Is there someone who has helped broaden your understanding of logistics or the supply chain? One way to recognize your mentor's influence on your professional life is to nominate him or her for CSCMP's Distinguished Service Award (DSA).
Winning the DSA can have a major impact on recipients' own careers. "I believe that the award has ... provided additional credibility for me among practicing managers and academics," says 1991 winner John Coyle, professor at Pennsylvania State University. "It has certainly expanded my circle of contacts and provided me increased opportunities in research and executive education. I feel that it has also been very beneficial for our program at Penn State in attracting students and research opportunities."
In addition to the professional benefits, award winners speak of the honor of receiving such a prestigious award. "To me, the most important value was to realize that the award was a vote of confidence from my peers. In the long run, nothing in life can be more satisfying," says 1977 winner Ken Ackerman, president of the consulting firm The Ackerman Company.

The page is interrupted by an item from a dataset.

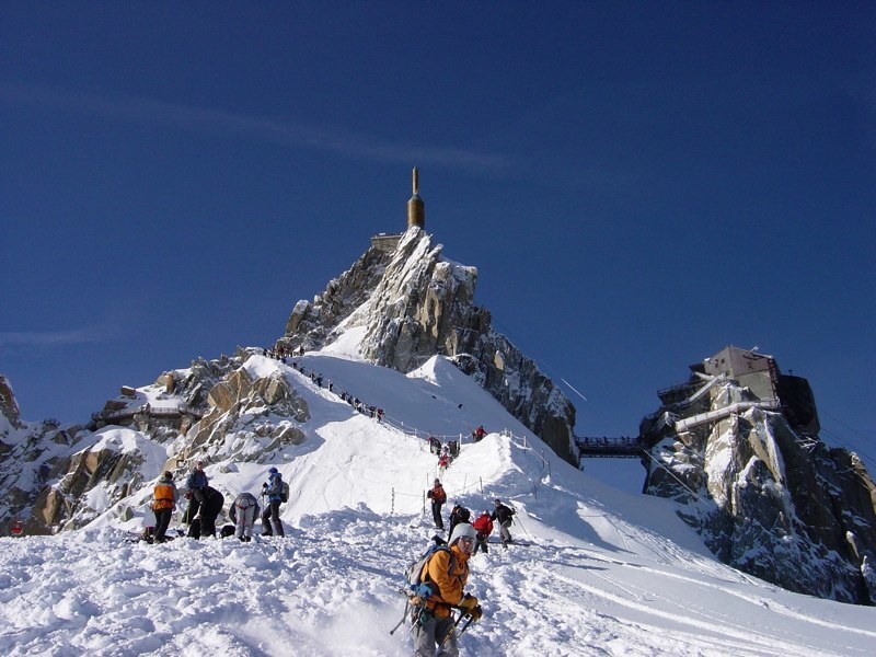 The cable car starts in the center of the luxurious town of Chamonix (1035m) and leads up to the top of Aiguile du Midi (3842m). The ride takes about 20 minutes, during which you can enjoy a view of Mont Blanc. The first cable car ride takes you to Plan de l'Aiguille (2317m) and the second one to the Les Pelerins iceberg (3778m). A walkway will then lead you to a lift that takes you another 42 meters up to the top of Aiguille du Midi. Here you will see a 360° view of the whole mountain massif. There are also several terraces where you can enjoy the view of French, Swiss and Italian Alps. During favorable weather, you can see Matterhorn (4478m), Monte Rosa (4634m) and other peaks. This is the highest point you can reach by a lift; from here on you need to proceed on foot.

CSCMP is now accepting nominations for the 2010 Distinguished Service Award. The selection committee will evaluate candidates on the following criteria:
record of contribution and innovation
leadership skills
oral and/or written communications that have enhanced the understanding of the supply chain management profession
Nominators must submit a summary of the candidate's achievements and contributions to the profession and include specific examples. The nomination packet must also include two or three letters of recommendation by members of the supply chain management profession.
CSCMP will accept nominations until April 30, 2010. The winner will be recognized at the Annual Global Conference in San Diego, California, USA. For more information about the award and the nominating process, visit cscmp.org/education/awards/dsa.asp.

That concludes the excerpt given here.